11 de janeiro de 2010 atualizado por: Heidelberg University

Molecular Mechanisms of Disease Progression and Renoprotective Pharmacotherapy in Children With Chronic Renal Failure

In children with chronic kidney disease, progression to end-stage renal failure is associated with high patient morbidity and poor quality of life. In adults, inhibition of the renin angiotensin system (RAS) slows down the rate of renal failure progression. This concept is as yet unproven in children, in whom chronic renal failure (CRF) is more commonly due to hypo/dysplastic malformations than to acquired glomerulopathies as typical for adult chronic kidney disease. The current project aims at assessing the genetic and molecular mechanisms and cardiovascular consequences of progressive CRF and to develop a strategy of pharmacological renoprotection in children.

Visão geral do estudo

Descrição detalhada

Chronic kidney diseases affecting the nephron mass are characterized by a progressive decline of glomerular filtration rate (GFR) occurring irrespectively of the cause of the renal damage once a critical number of nephrons has been lost. Current clinical research efforts focus on preventive strategies to slow down or arrest disease progression. Systemic hypertension and glomerular hyperfiltration with resulting proteinuria and activation of vasoactive, profibrotic and proinflammatory systems have been identified as major causes of further nephron damage. Angiotensin converting enzyme (ACE) inhibitors are not only potent antihypertensive agents but also reduce proteinuria, glomerulosclerosis and tubulointerstitial fibrosis via reduction of the local angiotensin tone in the kidney, and have been demonstrated to slow down renal failure progression in adult patients. Childhood-onset ESRD is a rare but particularly devastating disease with poor life expectancy and quality of life. Chronic renal failure in children is caused by a different spectrum of nephropathies than in adults, with a preponderance of congenital or inherited abnormalities. Since hypertension, proteinuria and tubulointerstitial fibrosis are also common in pediatric chronic renal failure, there is a rationale for pharmacological renoprotection by ACE inhibition in children. The prospective, randomized European clinical trial launched by our consortium will provide the critical mass to assess several aspects of renoprotective therapy in children. Specifically, the trial is designed to address the following scientific objectives:

Objective 1 is to evaluate whether ACE inhibition is equally effective in slowing down the progression rate of chronic renal failure in children with different congenital and acquired renal disorders. 400 pediatric patients will be stratified according to their underlying diseases, and the rate of loss in glomerular filtration rate will be assessed from 6 months before to 5 years after start of treatment with the ACE inhibitor ramipril.

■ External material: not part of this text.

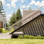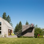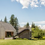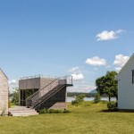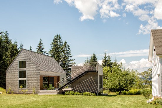 From AIA Maine: Located on a small island off the coast of Maine, this project began as a renovation. Initially, our clients hoped that an existing building on their property could be rehabilitated: a structure that accompanied the 100 year old farmhouse that has been their summer home for close to 40 years. The small, hip-roofed, asphalt shingle-clad building had been uninhabited and neglected for decades, and was in a state of disrepair. A new structure would more easily meet their needs but needed to remain rooted in the traditional style of the region. Collectively we arrived at a concept that is a modern interpretation of New England farm vernacular and establishes a hierarchical relationship between the prominent white clapboard farmhouse and the less adorned, shingled outbuildings. In order to accommodate multiple generations of the family, the main farmhouse would be given over completely to the young parents and children, and the new house would become the more private space for the matriarch. Between the two buildings a common area of outdoor lawn spaces and decks was created, along with a screened porch that could serve as both a gathering/dining area at times, while doubling as a privacy screen. The new house would be small and efficient, but comfortable enough for year round use, something that the old farmhouse, with its electric heat and poor insulation, lacks. Siting balanced the creation of outdoor space with the embedment of the house within the rural island fabric of the neighborhood. Furthermore, an ancient public walking path to the shore runs through the middle of the yard. Used by the islanders for many years, it is an important part of local tradition, something that the owners were adamant be maintained. In the end the path provides separation between the main house and new cottage while acting as an organizing element for an already constrained site. One enters the cottage off of a deck that unites the new house with a screened porch. A utility block containing entry, bath and kitchen elements subdivides the house into public and private spaces. The open living/kitchen space fronts the deck, opening onto it through a large sliding glass panel. The bedroom resides on the opposite end of the core. Quiet and meditative, it is content to gaze upon the spruce forest and ocean beyond, providing respite from the busy summer days.

Objective 2 of the trial is to evaluate whether renal failure progression in patients treated with a fixed dose of ramipril can be further slowed down by additional antihypertensive treatment, achieving a blood pressure below the 50th percentile. To this end, patients will be randomized upon initiation of ramipril to either intensified (aiming below 50th percentile of 24-hour mean arterial pressure) or conventional antihypertensive treatment.

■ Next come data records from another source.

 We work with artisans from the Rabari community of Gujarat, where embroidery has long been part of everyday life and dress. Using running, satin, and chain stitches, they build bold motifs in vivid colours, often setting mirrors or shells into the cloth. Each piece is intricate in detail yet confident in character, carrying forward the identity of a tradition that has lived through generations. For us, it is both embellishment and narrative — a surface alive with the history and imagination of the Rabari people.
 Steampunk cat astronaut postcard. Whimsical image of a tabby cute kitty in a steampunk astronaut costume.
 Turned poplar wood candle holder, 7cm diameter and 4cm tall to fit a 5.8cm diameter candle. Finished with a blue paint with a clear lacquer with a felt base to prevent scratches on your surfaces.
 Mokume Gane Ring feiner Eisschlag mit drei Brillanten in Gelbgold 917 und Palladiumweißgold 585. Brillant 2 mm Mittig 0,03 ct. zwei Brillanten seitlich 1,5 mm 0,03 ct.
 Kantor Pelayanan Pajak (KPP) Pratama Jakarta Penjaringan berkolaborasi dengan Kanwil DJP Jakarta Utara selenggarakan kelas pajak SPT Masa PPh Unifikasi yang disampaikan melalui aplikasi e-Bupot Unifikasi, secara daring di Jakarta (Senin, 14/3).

Several gene polymorphisms have been described that may affect the rate of renal failure progression and/or the individual susceptibility to ACE inhibition. These polymorphisms include genes encoding for key proteins of the renin-angiotensin system and extracellular matrix turnover. In addition, we will screen for novel polymorphisms in genes determining structural proteins of the glomerular filter, and search for gene mutations causing renal hypo-/dysplasia. Objective 3 is to evaluate whether any of these mutations predict spontaneous disease progression and the therapeutic response to ACE inhibition and intensified blood pressure control.

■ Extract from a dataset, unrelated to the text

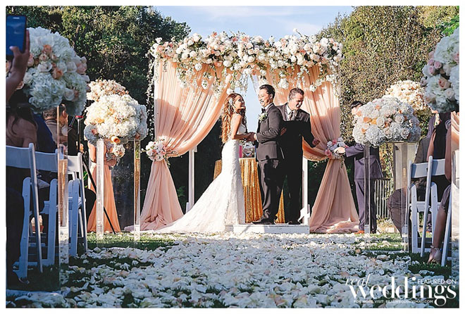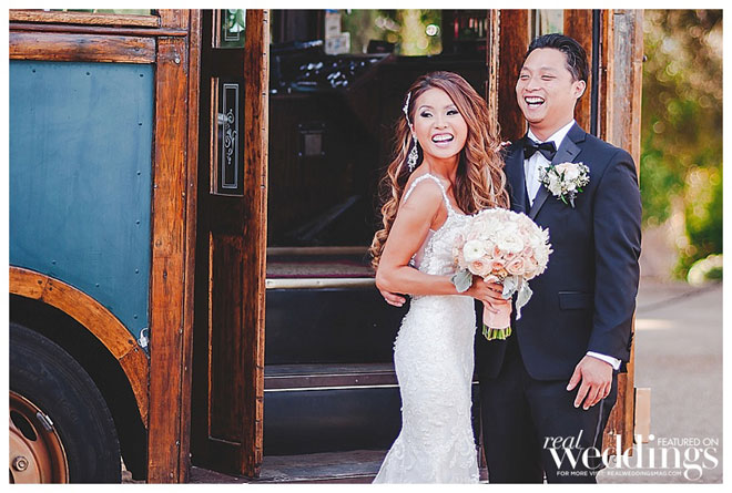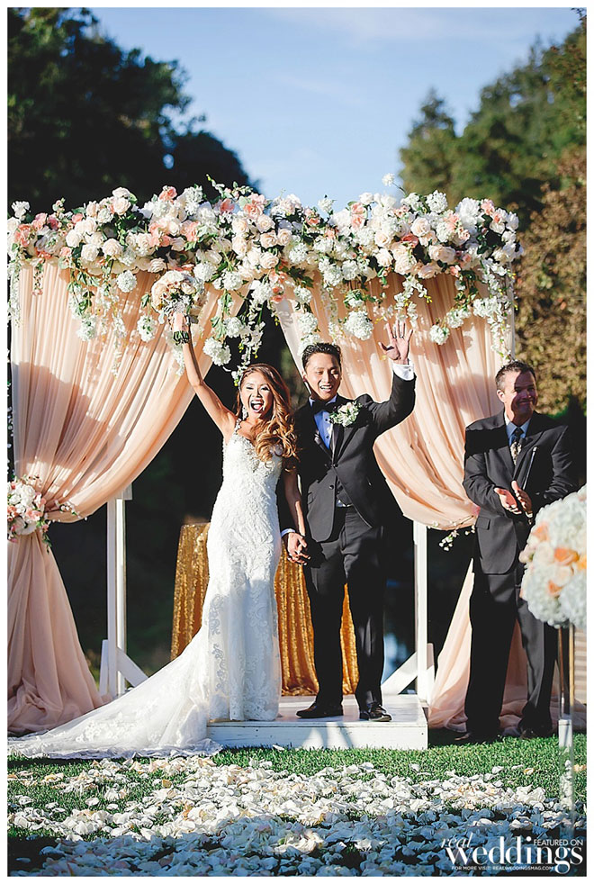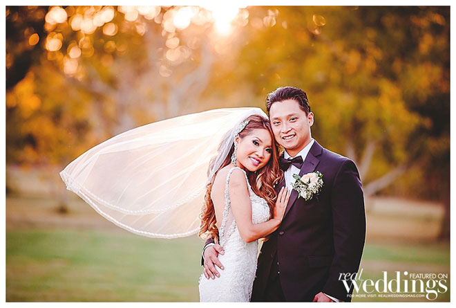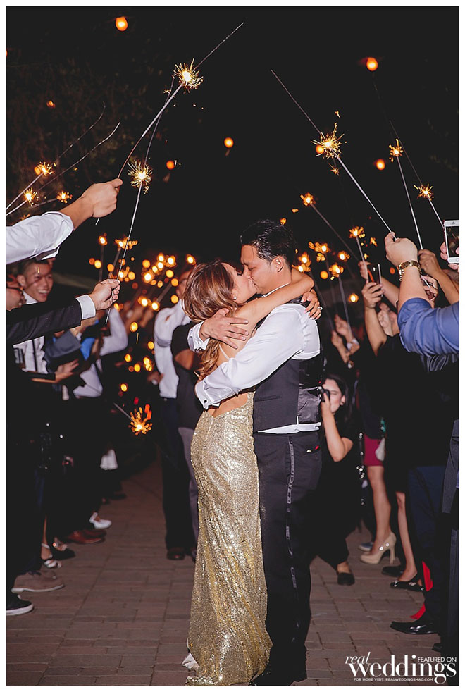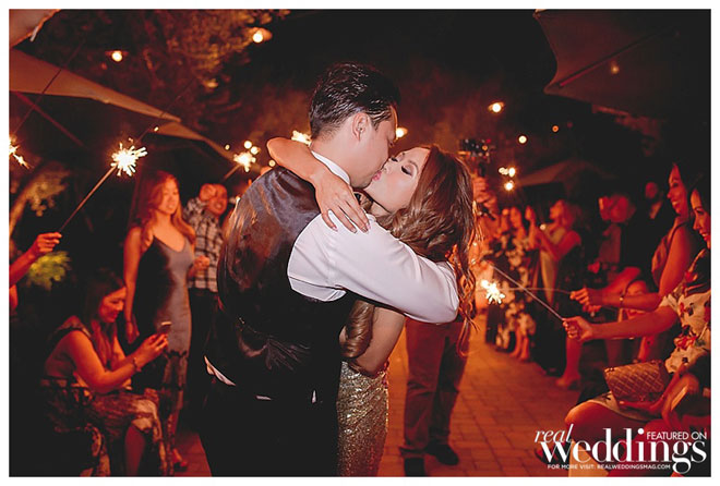 As Le walked down the aisle to meet her groom, she felt the love surround her. “I was thinking ‘Wow, it’s happening,’ and in the back of my mind praying that I don’t trip over these high heels I have on,” she says. “I was a little nervous because everyone was staring at me, but happy to see everyone there and how they were standing up to cheer for us. I remember seeing Duong standing there, looking at me with the biggest smile on his face. I think the feelings were mutual. I must’ve had the biggest smile on my face as well. This was our day.”

Glomerular endothelin (ET1) synthesis is upregulated in chronic renal failure, and urinary ET1 excretion is correlated with disease progression. ET1 antagonists partially preserve renal function and decrease proteinuria independent of the angiotensin tone. Objective 4 of the trial is to assess ET1 turnover before and after start of ACE inhibition, and to evaluate a possible predictive role of ET1 and/or ET1 degrading peptidase excretion for the persistence of proteinuria and disease progression during ACE inhibition and intensified antihypertensive therapy.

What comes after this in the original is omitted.